2.2 Investment. Nothing in this Section 2 shall be construed as preventing the Executive from engaging in the investment of his personal assets so long as such investment activity does not require: (i) any participation on the Executive’s part in the operation or the affairs of the enterprise or enterprises in which such investments are made or (ii) the rendering of any services by the Executive to any such enterprise.
3. Wage Compensation
3.1 Amount. From and after the Commencement Date, the Company shall pay the Executive a base salary of $175,000.00, less all appropriate taxes and authorized withholdings (“Base Salary”).
3.2 Payment. Base Salary payments will normally be made to the Executive bimonthly or otherwise in accordance with the Company’s pay period practices.
3.3 No Limitation on Termination Rights.
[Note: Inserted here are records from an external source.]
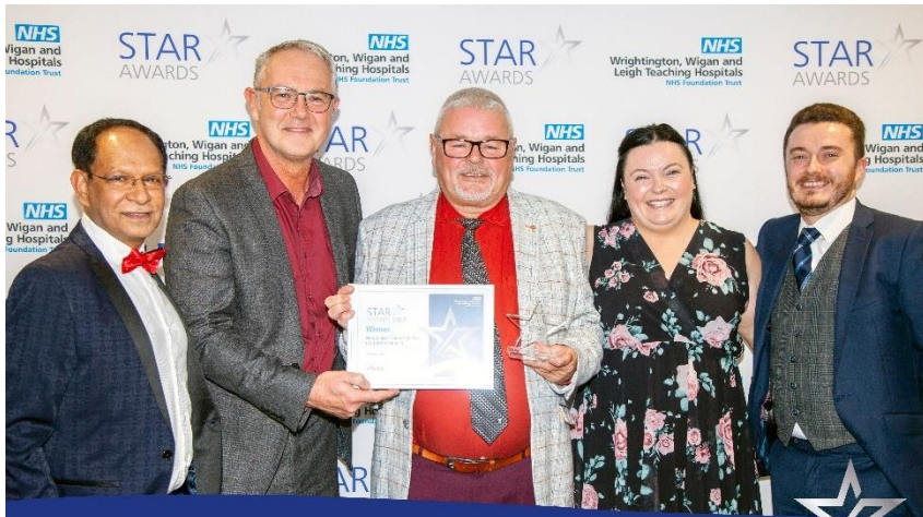
Non-Clinical Team of the Year (Corporate/Support) Award Catering Team
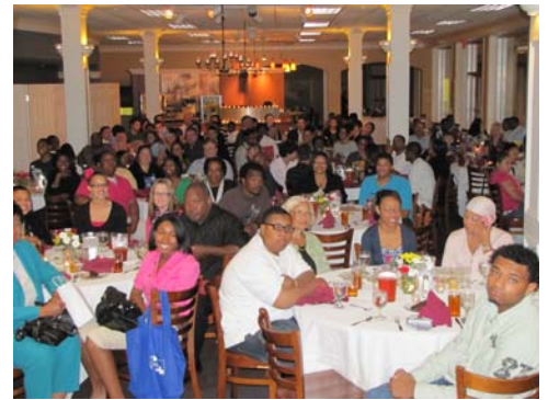
GEAR UP students and parents from E.C. Glass and Heritage participated in an end-of-year dinner celebration.
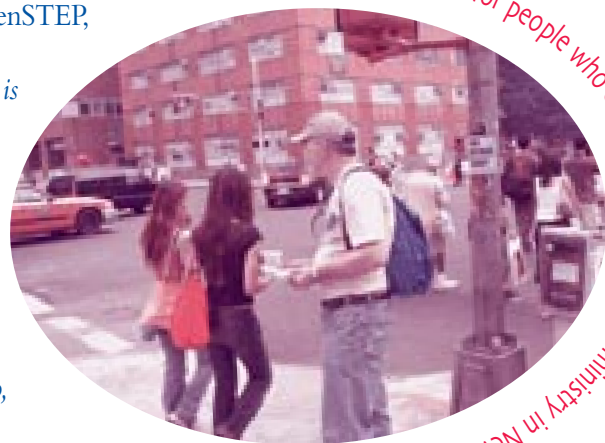
Step-in-a-Week is for people who can only spend a week of ministry in New York City.

The reality of the Word is hard to dismiss when you constantly walk in its shadow. There's a saying in Israel that "Every crevice tells a story" and I would add that each tells a story of God's faithfulness.
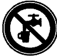
Universal Symbol for Non-Potable Water
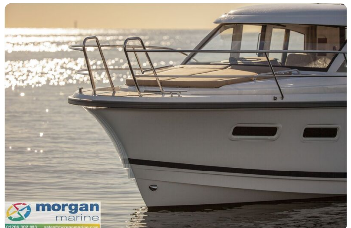
Nimbus 305 Coupe Exterior 7
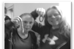
Confirmation Candidates made prayer beads and designed pillow cases at Our Lady of Mercy on October 16th.
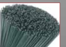
Green Lacquered Stub Wire
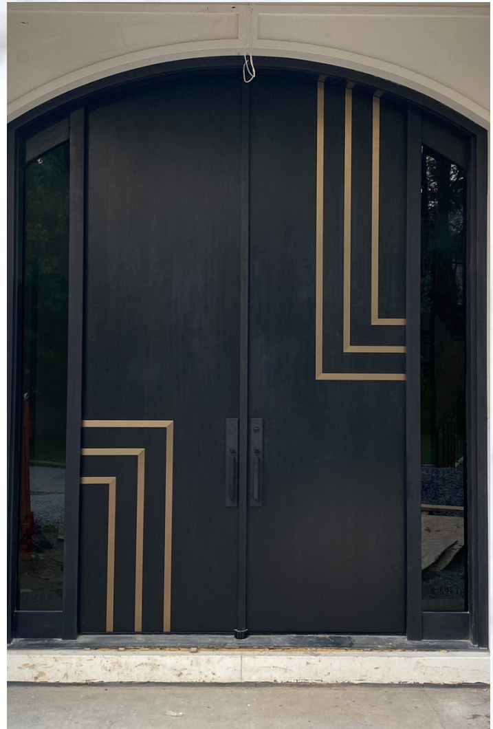
MODEL: DFCB Stain: Shaded Tru Black
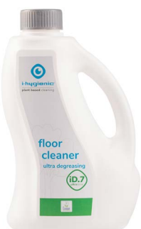
2L dispensing bottle K.6.ID7.DB.2000 400 doses
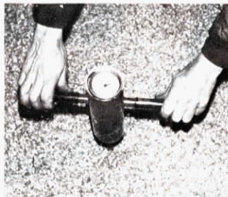
Long Tempprobe can be carried from bin to bin, or inserted into side of bin via an entry collar as shown below.

For more details, contact: FARM SHOW Followup, Don Demorest & Sons, 3897 Waldo-Fulton Road, Waldo, Ohio 43356 (ph. 614-726-2554).
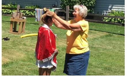
Crown the Princess

moved up to actual capes, crowns and broken oars as staffs. We still do the games with the Hauglands and other neighbors.
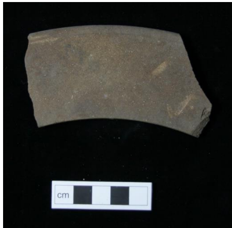
Plate 34. Grinding stone from (22010)

Nothing in this Section 3 shall be construed to limit either party’s right to terminate this Agreement in accordance with the terms hereof.
4. Bonus Compensation
4.1 Nature. During the Executive’s employment, the Company shall pay to the Executive, in addition to Base Salary, bonus compensation (“Bonus”) on an annual basis.
4.2 Amount of Potential Bonus. The total potential Bonus amount will be equal to 30% of Executive’s Base Salary earned within the preceding fiscal year. Bonus payout will be based upon the achievement of annually determined MBO(s) as mutually agreed upon.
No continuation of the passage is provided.